1. Business background
At present, a large number of message pushes are used in mobile terminal usage scenarios. Push messages can help operators achieve their operational goals more efficiently (such as pushing marketing activities to users or reminding users of new APP functions).
For the push system, the following two characteristics are required:
- Messages are delivered to users in seconds, without delay, support millions of pushes per second, and single-machine millions of long connections.

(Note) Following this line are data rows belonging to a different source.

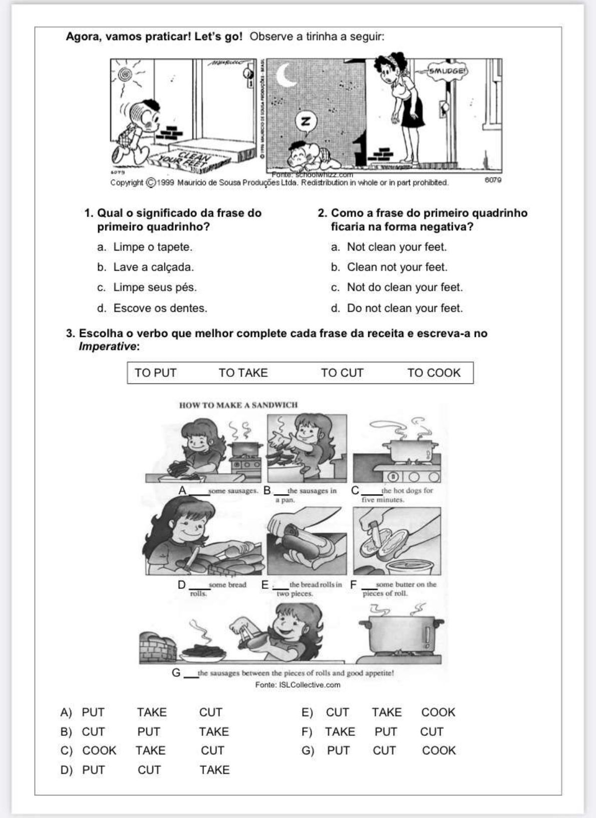 <p>Agora, vamos praticar! Let's go! Observe a tirinha a seguir: SMUDGE! Copyright 1999 Mauricio de Sousa Produções Redistribution in whole or in part 6079 1. Qual o significado da frase do 2. Como a frase do primeiro quadrinho primeiro quadrinho? ficaria na forma negativa? a. Limpe o tapete. a. Not clean your feet. b. Lave a b. Clean not your feet. Limpe seus pés. Not do clean your feet. d. Escove os dentes. d. Do not clean your feet. 3. Escolha o verbo que melhor complete cada frase da receita e escreva-a no Imperative: TO PUT TO TAKE TO CUT TO COOK HOW TO MAKE A SANDWICH A some B the sausages in C the hot dogs for a five D some bread E the bread rolls in some butter on the two pieces. pieces of G the sausages between the pieces of rolls and good appetite! Fonte: ISLCollective.com A) PUT TAKE CUT E) CUT TAKE COOK B) CUT PUT TAKE F) TAKE PUT CUT C) COOK TAKE CUT G) PUT CUT COOK D) PUT CUT TAKE</p>
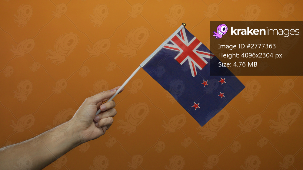 Man holding new zealand flag against orange background, showcasing national pride and cultural identity with vibrant color contrast and isolated male hand. - Kraken Images
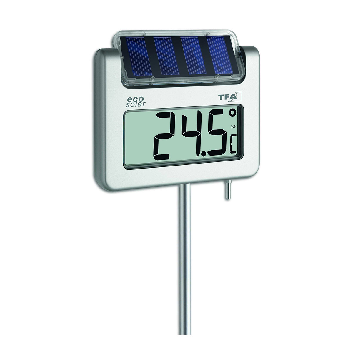 Der teilbare Stab ist aus Aluminium und wird zum Aufstellen einfach in den Boden gesteckt. Die Platzierung des Thermometers mitten im Garten in 1 Meter Höhe hat den Vorteil, dass die Temperaturwerte nicht durch eine Hauswand verfälscht und die tatsächliche Außentemperatur gemessen wird.
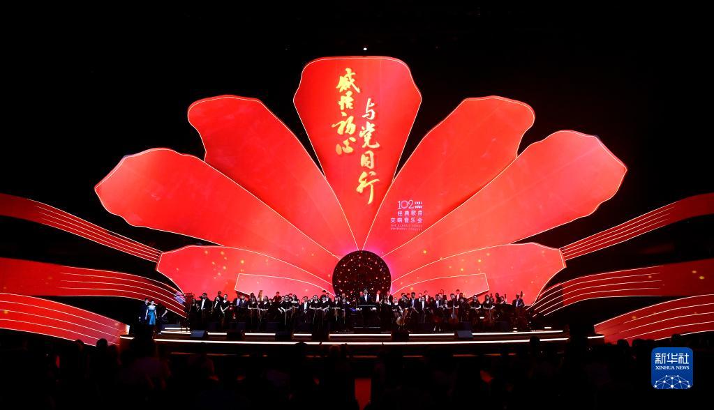7月8日晚,“感悟初心?與黨同行”經典歌曲交響音樂會在西安奧體中心舉行,音樂會分為“致敬?經典”“致敬?山河”“致敬?時代”等多個篇章。
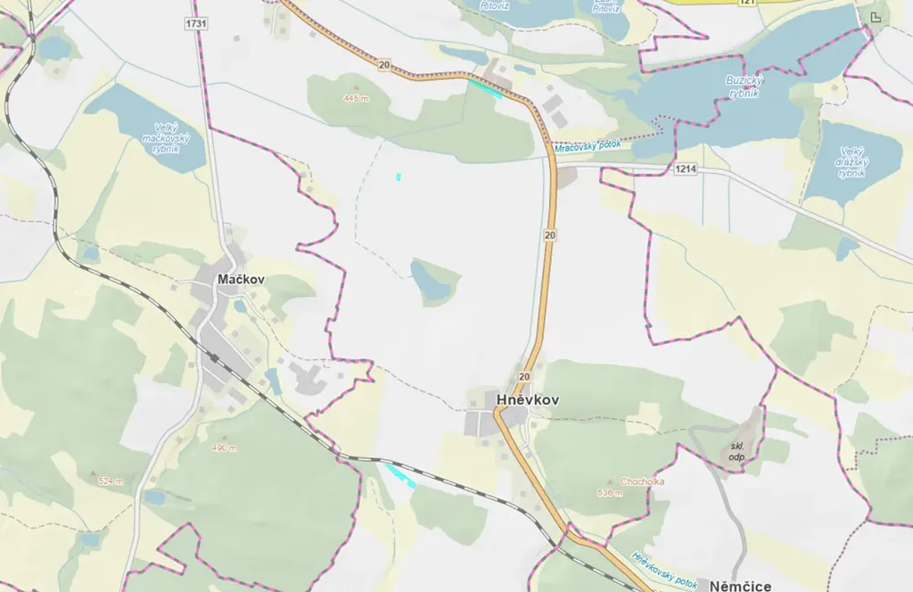 Předmětem dražby je ideální podíl ve výši 1/16 a id. 1/32 pozemků v k.ú. Hněvkov u Mačkova, obec Blatná, okres Strakonice o celkové velikosti 11080m2

- Supports display forms such as notification, text, and transparent transmission of custom messages. It is for the above reasons that bring challenges to the development and maintenance of the system. The figure below is a brief description of the push system (API->Push Module->Mobile).
2. Background of the problem
In the long-connected cluster of the push system, a process hangs randomly after a period of time in the stability test and stress test stage. The probability is small (the frequency is about once a month), which will affect the delivery of some client messages. The time limit.
The long connection node (Broker system) in the push system is developed based on Netty. This node maintains the long connection between the server and the mobile terminal. After an online problem occurs, add Netty memory leak monitoring parameters for troubleshooting. No problem was found.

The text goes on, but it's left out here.